═══ RECORDS ═══

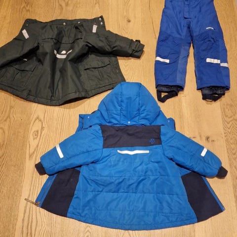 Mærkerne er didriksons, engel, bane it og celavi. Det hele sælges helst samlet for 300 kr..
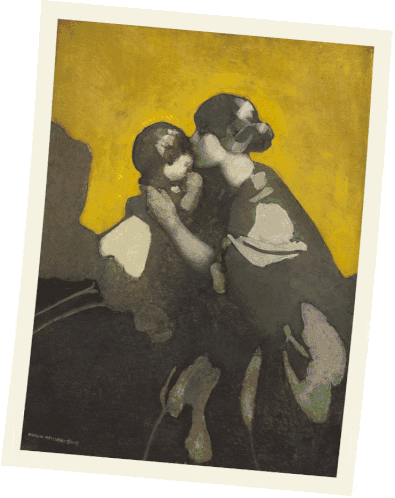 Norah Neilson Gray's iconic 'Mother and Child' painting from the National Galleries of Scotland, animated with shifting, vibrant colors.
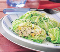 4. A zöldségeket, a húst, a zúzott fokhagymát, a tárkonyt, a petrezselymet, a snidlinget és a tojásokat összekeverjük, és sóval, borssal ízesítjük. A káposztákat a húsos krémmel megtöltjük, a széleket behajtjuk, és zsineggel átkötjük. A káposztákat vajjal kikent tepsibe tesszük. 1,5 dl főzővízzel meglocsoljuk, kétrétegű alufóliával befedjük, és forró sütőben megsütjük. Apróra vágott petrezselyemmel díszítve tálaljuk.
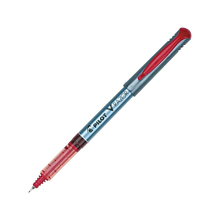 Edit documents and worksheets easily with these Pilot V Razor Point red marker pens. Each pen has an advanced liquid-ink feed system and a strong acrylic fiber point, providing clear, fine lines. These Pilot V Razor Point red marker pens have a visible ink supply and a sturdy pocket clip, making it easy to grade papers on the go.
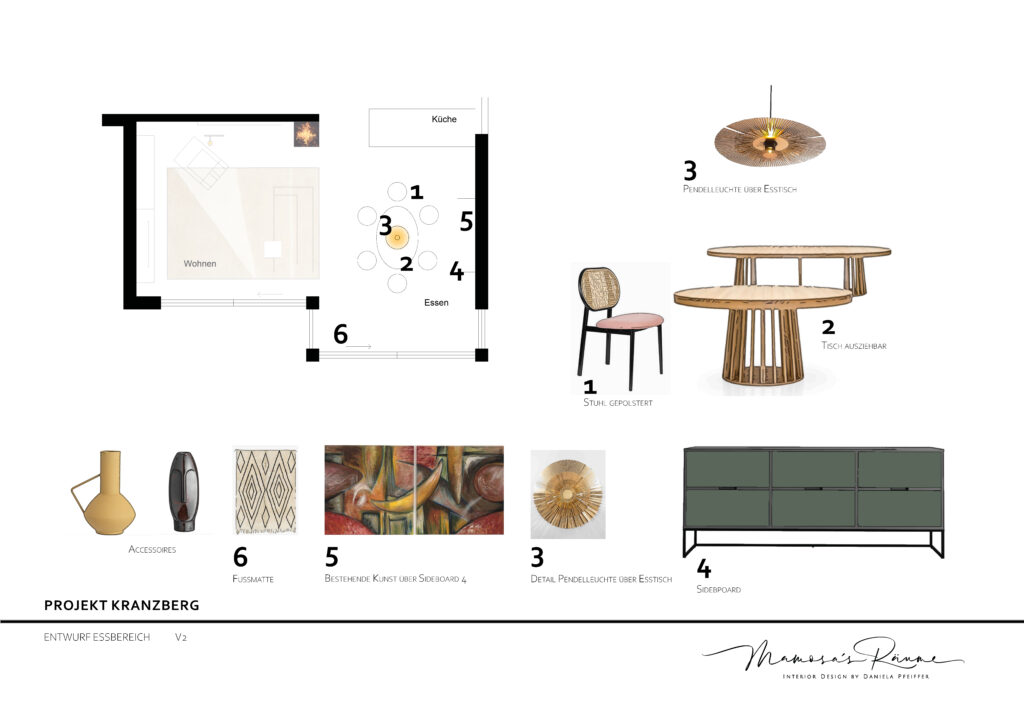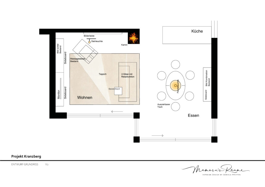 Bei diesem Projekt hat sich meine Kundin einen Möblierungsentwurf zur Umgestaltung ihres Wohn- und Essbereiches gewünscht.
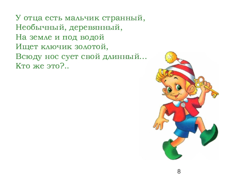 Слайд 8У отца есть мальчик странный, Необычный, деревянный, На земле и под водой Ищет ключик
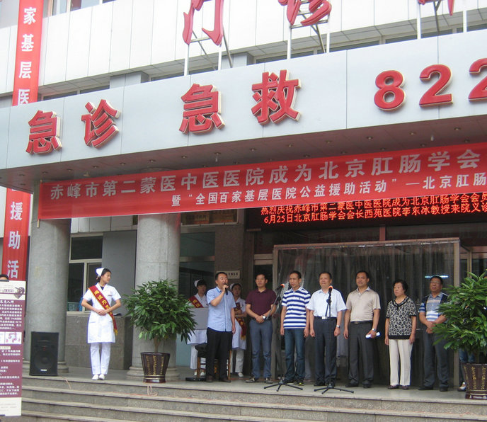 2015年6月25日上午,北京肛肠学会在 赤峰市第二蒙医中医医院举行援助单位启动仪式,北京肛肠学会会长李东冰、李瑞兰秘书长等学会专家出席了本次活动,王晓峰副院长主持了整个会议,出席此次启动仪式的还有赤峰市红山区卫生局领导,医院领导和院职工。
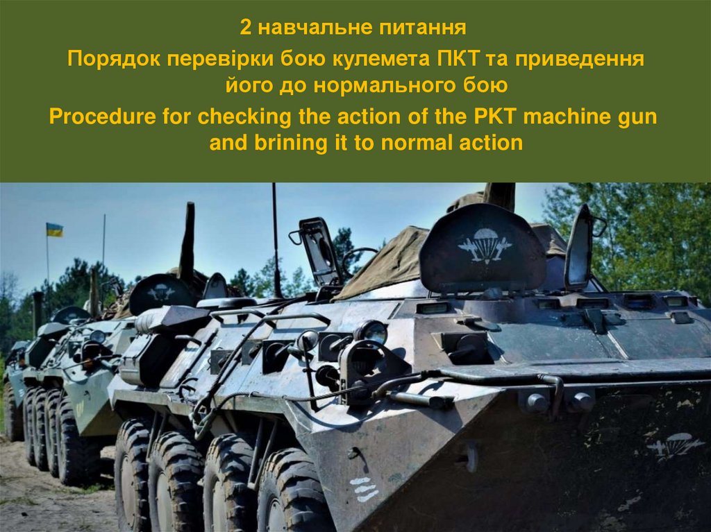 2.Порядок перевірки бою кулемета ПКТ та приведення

═══

-- WHAT YOU WILL DO --
Output exactly the stretch of the listing that begins at the line containing "Слайд 8У отца" and ends at the line containing "2015年6月25日上午,北", both kept. Omit pictures and everything else.

-- OUTPUT FOR THIS TASK --
 Слайд 8У отца есть мальчик странный, Необычный, деревянный, На земле и под водой Ищет ключик
 2015年6月25日上午,北京肛肠学会在 赤峰市第二蒙医中医医院举行援助单位启动仪式,北京肛肠学会会长李东冰、李瑞兰秘书长等学会专家出席了本次活动,王晓峰副院长主持了整个会议,出席此次启动仪式的还有赤峰市红山区卫生局领导,医院领导和院职工。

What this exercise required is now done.